Un Ambassador Nikki Haley describes sanctions against North Korea, Russia, and Iran, and also Venezuela humanitarian crisis.

CUCUTA, Colombia – Maria Elena Lopez Gonzalez left her home in Venezuela three months ago. She said she wants to earn enough money here to return home, and then bring her young son to Colombia.

“We have a lack of food and medicine. Children are dying because of the lack of medicine. The seniors are going to die because of the lack of medicines,” said Lopez Gonzales of the conditions in your home. “We can’t find any food. Everything is overpriced, and that is why the majority of Venezuelans are on the run from the situation.”

Millions have left Venezuela since the collapse of the oil price in the year 2014. In the Colombian border town of Cúcuta, government officials, tens of thousands of Venezuelans cross the Simon Bolivar bridge, said that in Colombia every day. Some stay, others move on to different countries in the region, and many return to Venezuela after receiving food and medicine from relief agencies.

To go during a tour of auxiliary measures in Cucuta on Wednesday, the U.S. Ambassador to the United Nations Nikki Haley blamed the crisis on the Venezuelan President Nicolas Maduro and his socialist regime and said: “it is time for Maduro.”

“We need the international community to understand that the United States – Yes, we have $60 million, and we will give 9 million US dollars more today – but this must step each and everyone must be loud against Maduro and the strength to leave him,” Haley told Fox News interview in an exclusive TV.

Those who said of the crisis, the situation is getting worse and worse.

“I was among the people caught in torrential rain and I have not found shelter.

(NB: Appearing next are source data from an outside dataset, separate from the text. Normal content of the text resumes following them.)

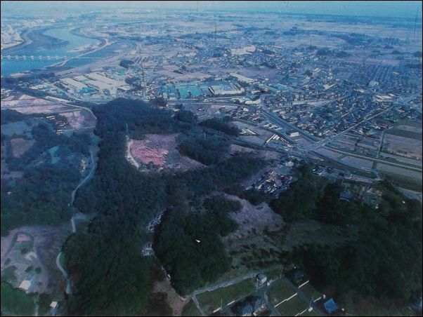 これが、三十三間堂官衙の全景。すぐ近くを阿武隈川が流れている。
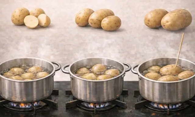 じゃがいもを大きさ別に鍋で茹でて仕上がりを確認している調理イメージ
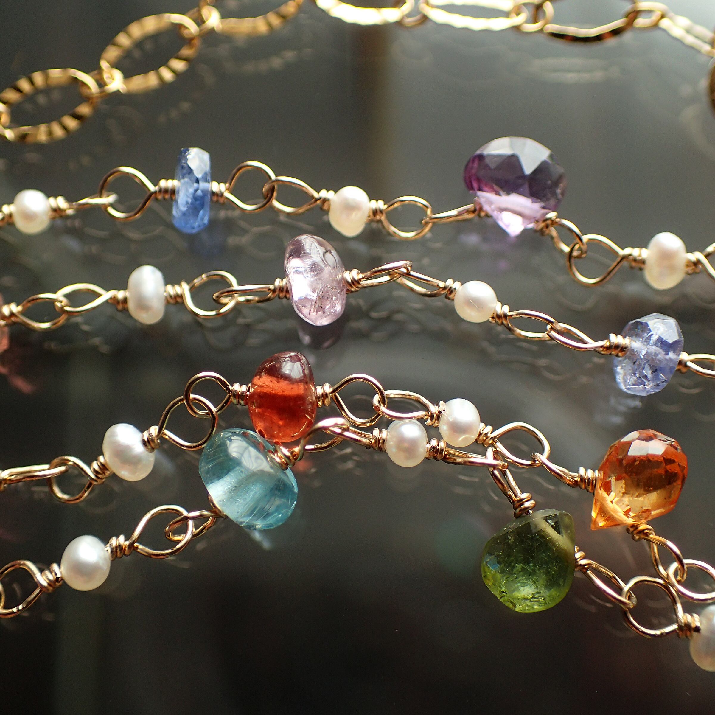 イエロートルマリン・オパール・グリーントルマリン・アパタイト・トルコ石・アクアマリン・ブルーサファイア・アメジスト・パープルスピネル・ピンクサファイア・ルビー・スペサタイトガーネット・レモンクウォーツ・レッドスピネル・ピンクトルマリン・タンザナイト・キャッツアイ・アマゾナイト・淡水パール・K14GF(チェーン、ワイヤー、パーツ全て)
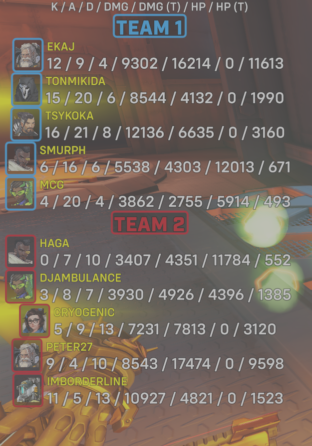 10 entries| Team | Player | Kills | Assists | Deaths | Damage | Damage (Taken) | Healing | Healing (Taken) |
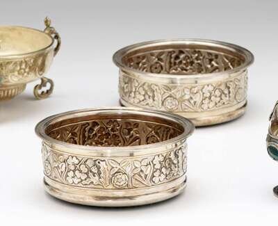 Pair of English sterling silver wine coasters mappin & webb, london
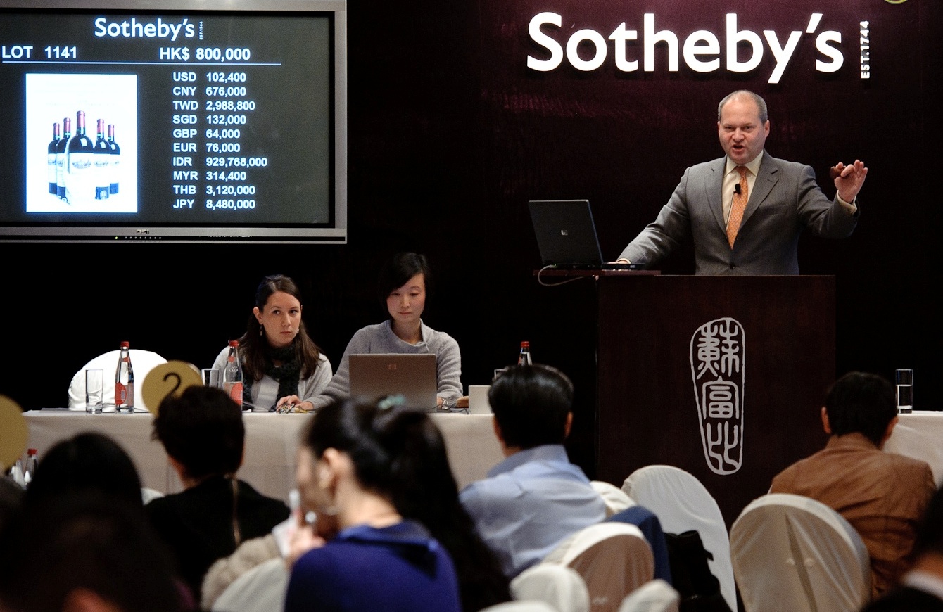 Licitatia mult asteptata, tinuta la Hotelul Mandarin Oriental din Hong Kong, a oferit 8.837 de sticle de vinuri clasice frantuzesti, inclusiv ceea ce expertii considera ca fiind cele mai bune vinuri albe de Burgundia aflate vreodata la vanzare in Asia. Estimarile de dinaintea licitatiei sugerau ca cele 746 loturi (in cele mai multe cazuri casete de 12 sau sase sticle, precum si sticle individuale) aveau sa ajunga la 3 milioane euro, dar sala de licitatie s-a umplut la capacitatea sa maxima, cu ceea ce Sotheby’s spunea ca au fost „oferte insufletite si joviale din toata Asiaâ€. Cumparatorii au licitat din sala, prin Internet sau la telefon.
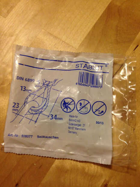 Dedales varían según la anchura de la cuerda. Como se puede ver en el paquete, la usé era adecuado para una línea de 5 milímetros, pero caben perfectamente en esta cuerda de 6 milímetros así.
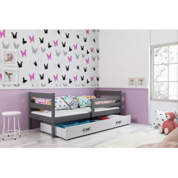 Dětská postel ERYK 90x200 cm se šuplíkem, bez matrace, Grafit/Bílá

I live in the streets,” said Lopez Gonzales. “We want to solve all of these problems, we want free handouts, we want to work with.”

Other said, that you flee a repressive government.

“We are politically persecuted, we have been persecuted by this government. To escape everyone that has been followed has had from the government,” said a Venezuelan man cross the bridge, and in Colombia. “We have left our country in search of a new horizon, because they want to kill us, they killed our families, and hide everything around the world is happening in Venezuela.”

This weekend there was an assassination attempt on Maduro. It failed, and several Venezuelans in a Catholic kitchen in Cucuta, said the Maduro regime among its citizens, suppressed for the trial.

Despite the assassination attempt, Maduro remains in power, the crisis continues and the daily March of the refugees accumulated in the Colombian border cities.

“We want a better future for our families,” said a Venezuelan man in the crossroads in Colombia. “We are all professionals.”

Rich Edson is a Washington correspondent for Fox News Channel. He previously served as Fox Business Network’s Washington correspondent.